Through its leveraging of Eka’s cloud-native platform, Renewable Energy Group (REG) reduced reporting time from four days to 30 seconds with Eka’s applications. Cloud-native platform performance
Through its leveraging of Eka’s cloud-native platform, Renewable Energy Group (REG) reduced reporting time from four days to 30 seconds with Eka’s applications. Eka’s applications eliminated manual reconciliations, enabling REG to view exposure “at the click of a button” instead of waiting for days for manual reports.

“REG used to take four days to create position and mark to market reports earlier because the users had to first pull information from disparate sources (CTRM system, inventory management system, and spreadsheets) into one place before they could even start analyzing the markets,” explains Garg.

“Four days is precious time in trading that should be spent in studying the market instead of creating reports. Their hedging decisions were often delayed because the market would move by the time REG had enough visibility into its true exposure. As a result, opportunities were missed, and the company faced higher risks due to delays in identifying market risk.”

Conventional processes operate on fragmented technology that obstruct flow of information. “The need for flexibility to quickly adapt to disruptions has never been more prevalent than today. The lack of visibility deprives businesses of the benefits of data – in-depth understanding of vulnerabilities and strengths, areas for improvement and seamless adherence to regulations. However, the key benefit businesses lose out on is the ability to make timely and more informed decisions, especially in disruptive times,” explains Garg.

Visibility could be the key to flexible supply chains in fast moving markets. “Real-time data helps businesses avoid the worst effects of disruptions. Businesses can know the moment a disruption occurs and respond quickly. Combine real-time data with advanced analytics, and they can simulate several scenarios using advanced analytics to evaluate the best option – does moving from truck to rail make sense? Does rerouting around a storm save time? Should businesses hold shipments for a day and wait for a storm to pass?” Gargmuses.

Need for supply chain digitization
As the COVID-19 situation has delineated, a lack of visibility across the entire supply chain can result in unprecedented breakdowns at both the demand and supply sides of the equation. Digital solutions have presented efficacies in helping address primary industry challenges pertaining to the pandemic.

“Organizations are unable to assess the risk profile from their supply base [including the supplier’s supplier] along with the extended ecosystem [logistics and financial partners] to respond rapidly. Compounding the situation, much of the required data is located across various systems and complex to understand and team members, who are now working remotely, lack the skills to take action,” flags Garg.
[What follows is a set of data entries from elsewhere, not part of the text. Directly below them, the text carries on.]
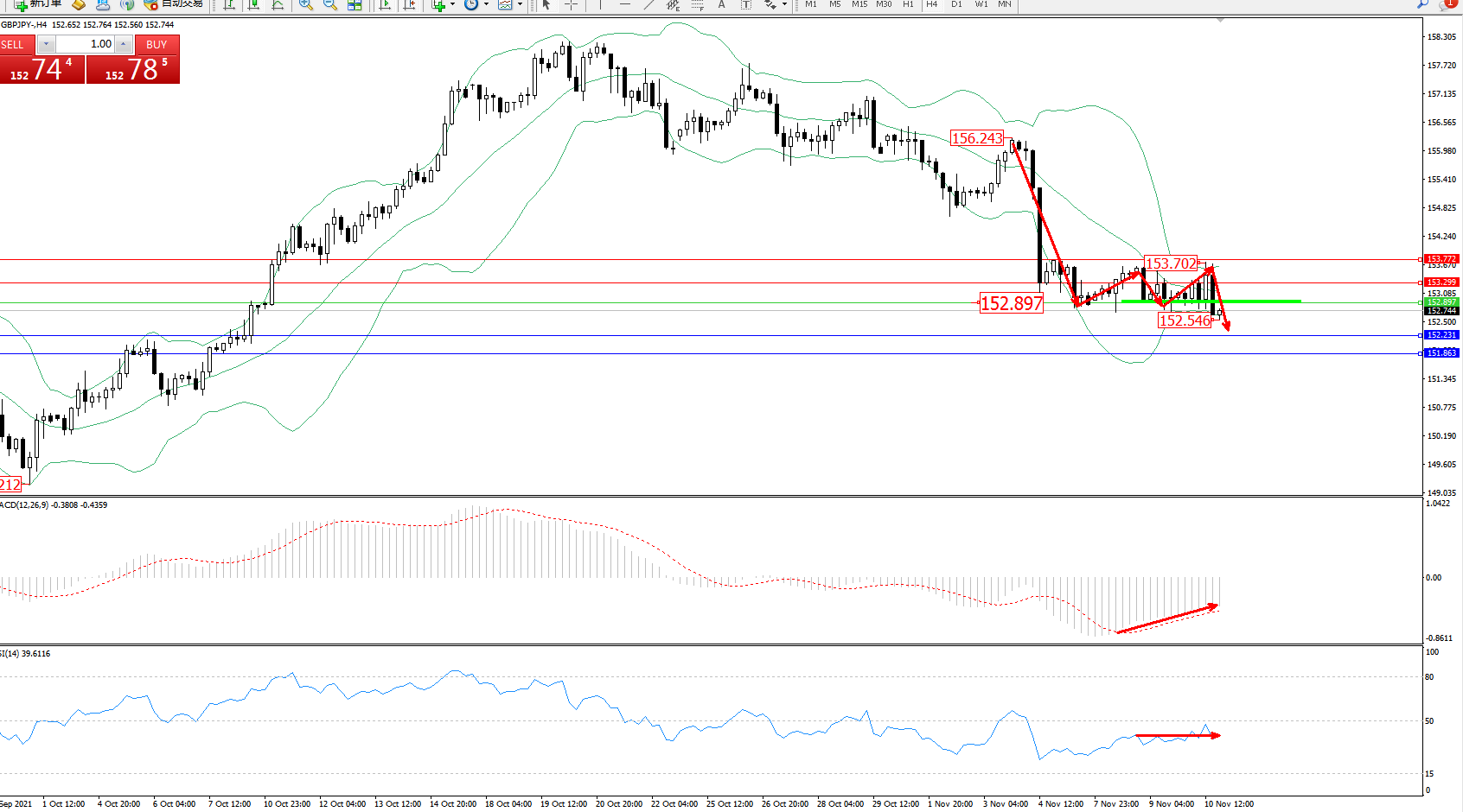备选策略:152.897上方看涨,目标153.299、153.772
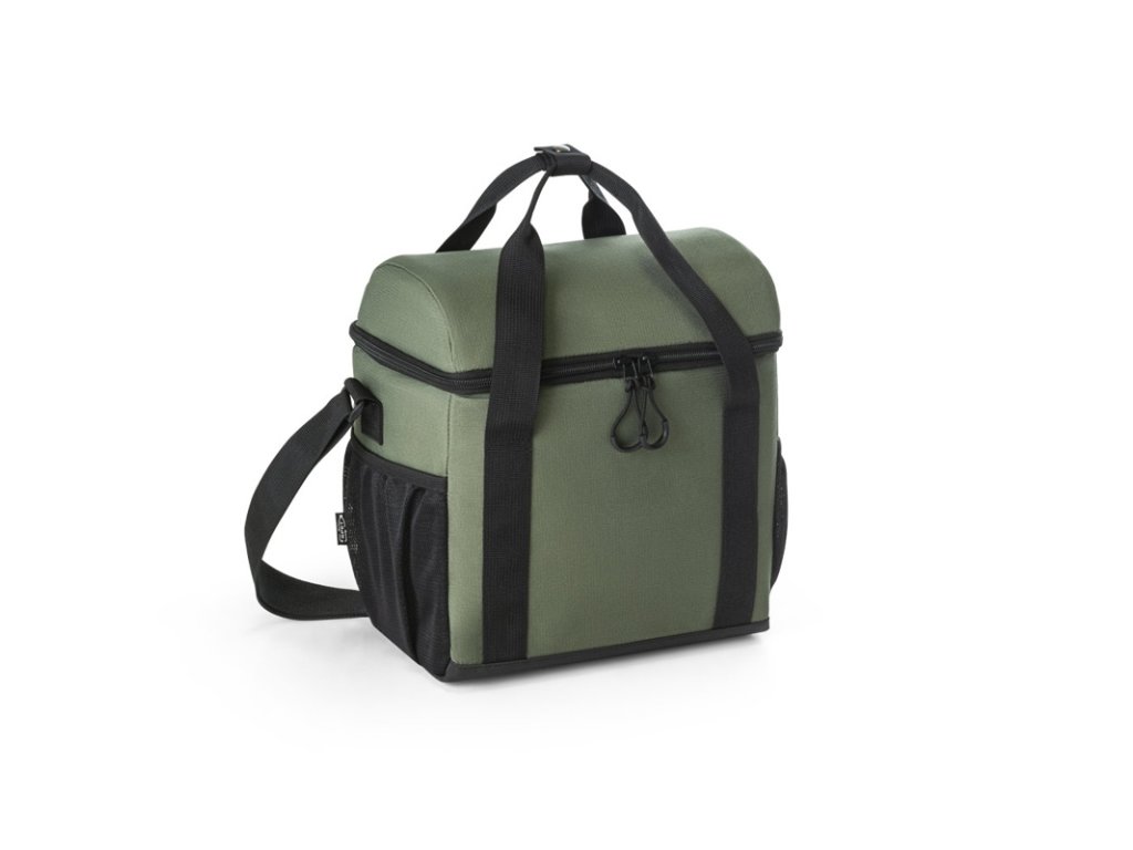 Polstrovaná chladiaca taška sa skladá z 1 veľkej hlavnej komory s dvojitým zipsom na oboch stranách a 2 bočných sieťovaných vreciek na drobnosti. Vnútro s PEVA podšívkou zaisťuje dobrú tepelnú izoláciu. Objem až 11 litrov
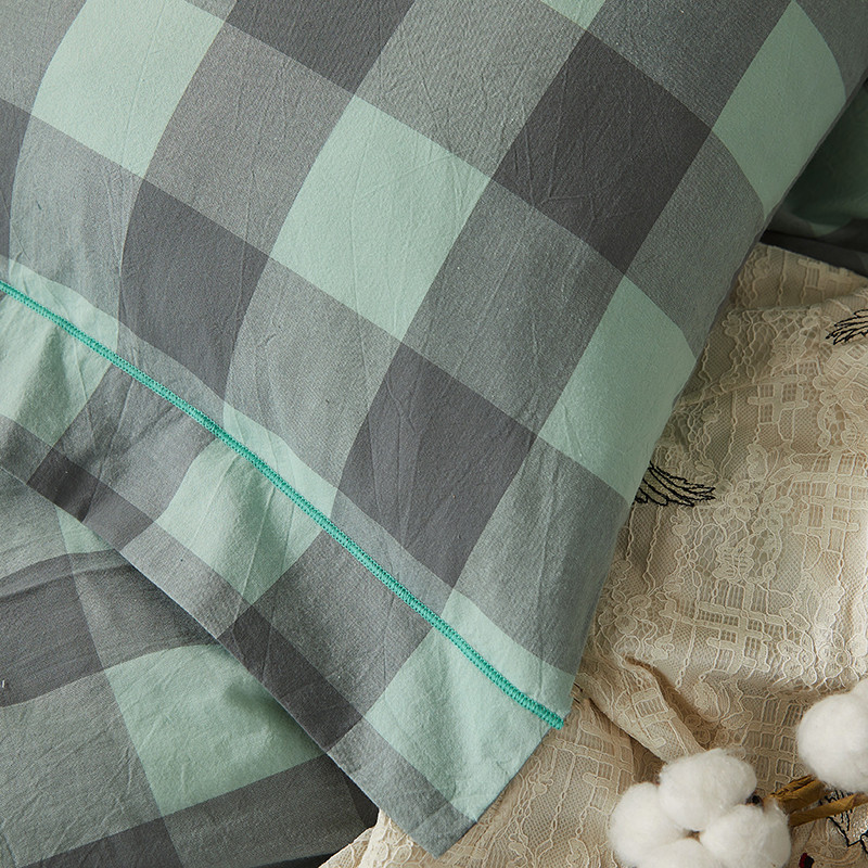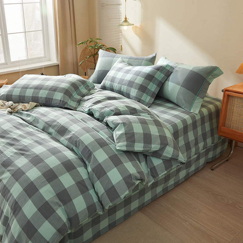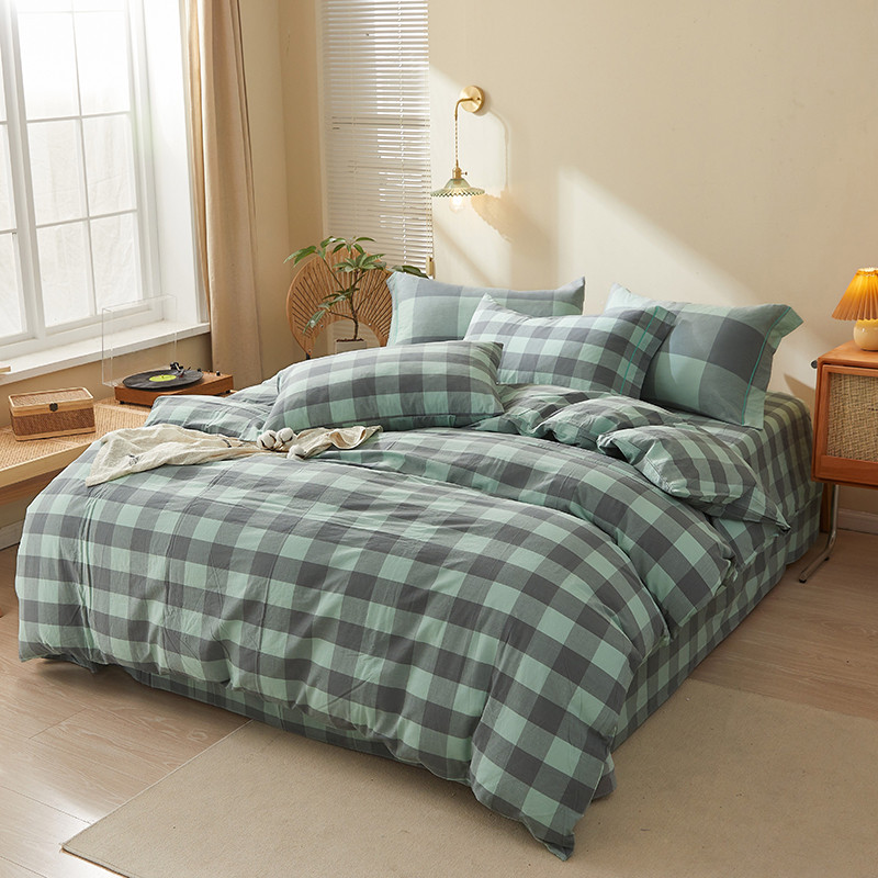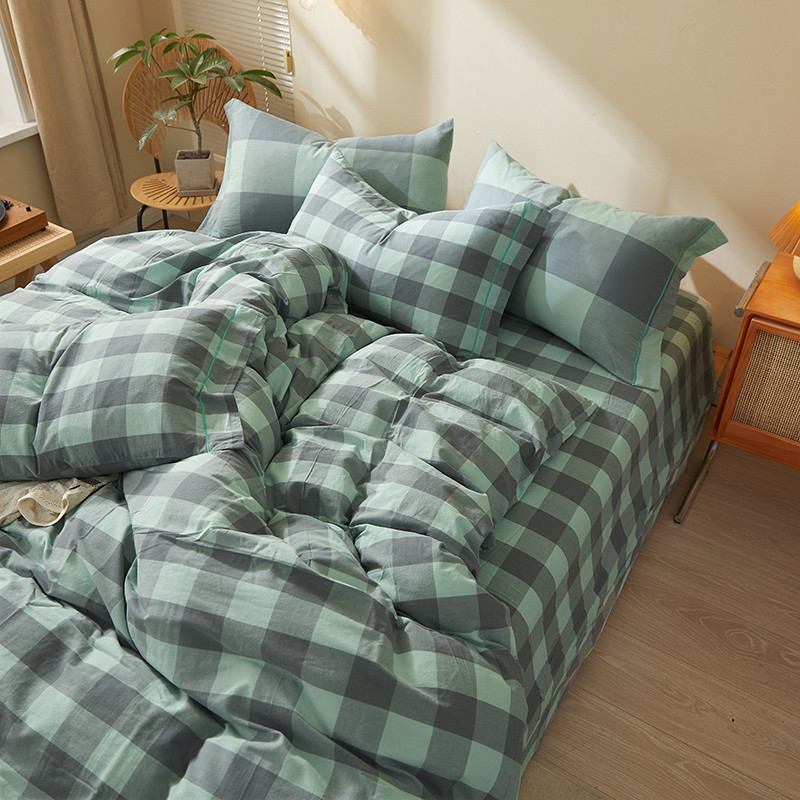 当前位置: 91家纺网 > 商品网购 > 床品套件 > 四件套 > 色织四件套 > 三沁家居家居 2022新款格子色织水洗棉全棉四件套云尚绿中格

Another key challenge facing agri-businesses is the focus on cash management as the markets recover. While the spotlight before COVID-19 was on broader “transformation” efforts, the sudden slowing and even complete breakdown in key markets has brought with it an increased review on efficiencies and savings. Due to the limited digitization efforts, organizations are burdened with higher processing costs while reducing time the team can focus on higher value activities of working with suppliers.
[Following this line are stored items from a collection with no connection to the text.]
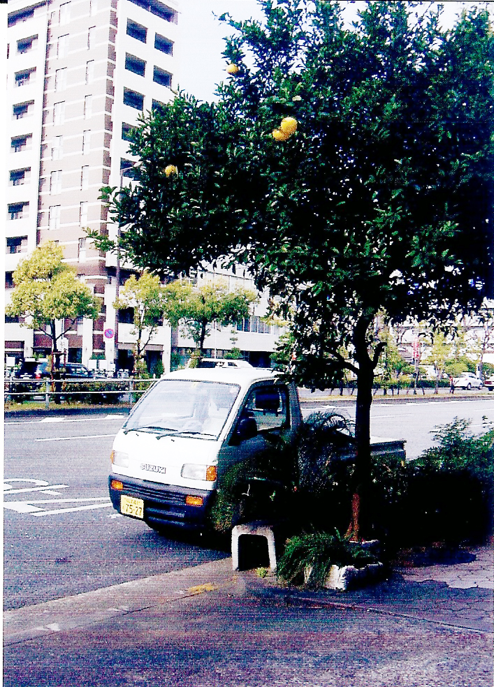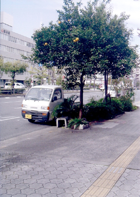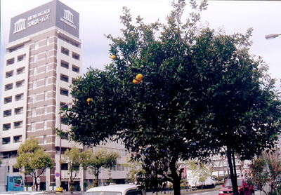 谷町筋(地下鉄谷町線四天王寺夕陽丘駅C番)大きな実をつけて、寒中に立っています。
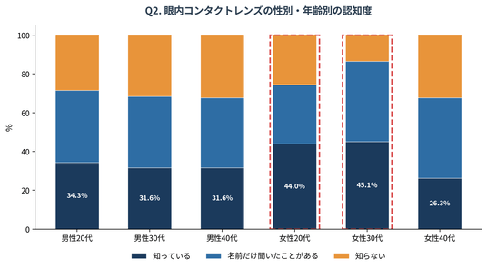 Q2.眼内コンタクトレンズの性別・年齢別の認知度
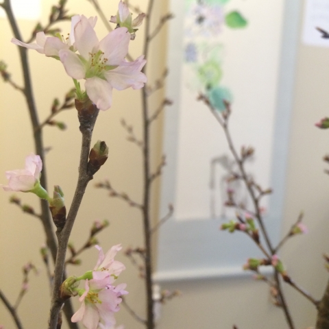 フロマエカフェのギャラリースペースに生け込みした啓翁桜は、一輪ずつ咲き出していて今週末には満開を迎えそうです。谷中墓地の桜は、蕾がふくらんで咲きだす寸前の、放出する寸前のエネルギーがこもった拳がピンク色の水玉のように、無数に空に広がっていて、今週末は晴れるとのことですし、ポンポンとほどけていきそうです。菜の花は甘い匂いを放って花盛り。春の夢のようなひとときを楽しんでいただけたら... 谷中散歩のついでに、見にいらしていただけたら嬉しいです♪私は、25日(木)は午後〜閉店まで、28日(土)、29日(日)は...
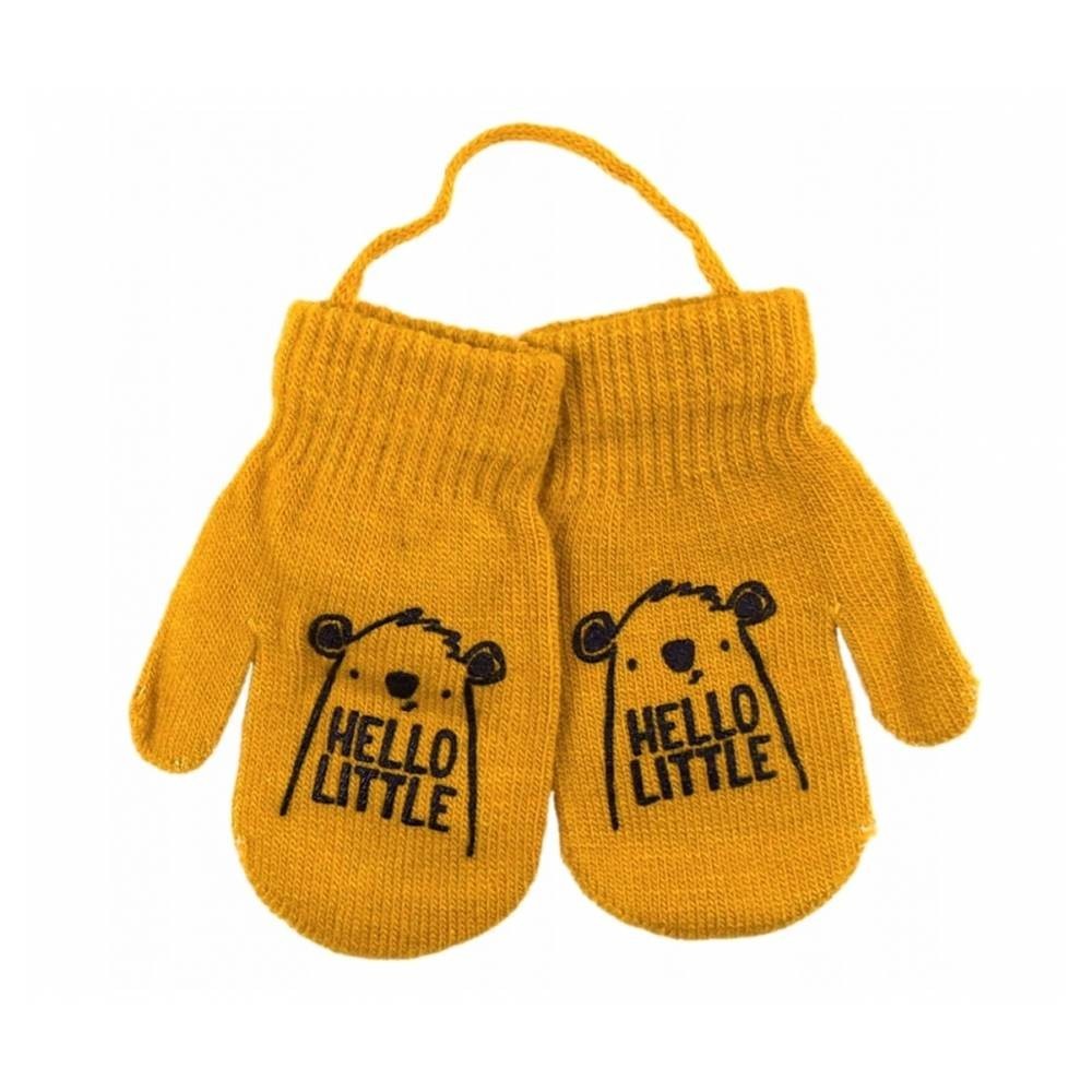 YO! Zimní chlapecké rukavičky se šňůrkou Hello Little - hořčicové

Additionally, he flags that communications across the ecosystem occurs disconnected from actual information flows related to business processes, resulting in back-and-forth status updates and complex handoffs that diminish efficiencies and responsiveness to market dynamics.

“Ultimately the future for commodity management is digital. The cloud offers an ideal option because it not only provides a way to quickly adapt to unique and complex operations but also respond faster to disruptions as they occur. It also better supports the remote nature of work but allows for the broader inclusion and collaboration across the value chain,” concludes Garg.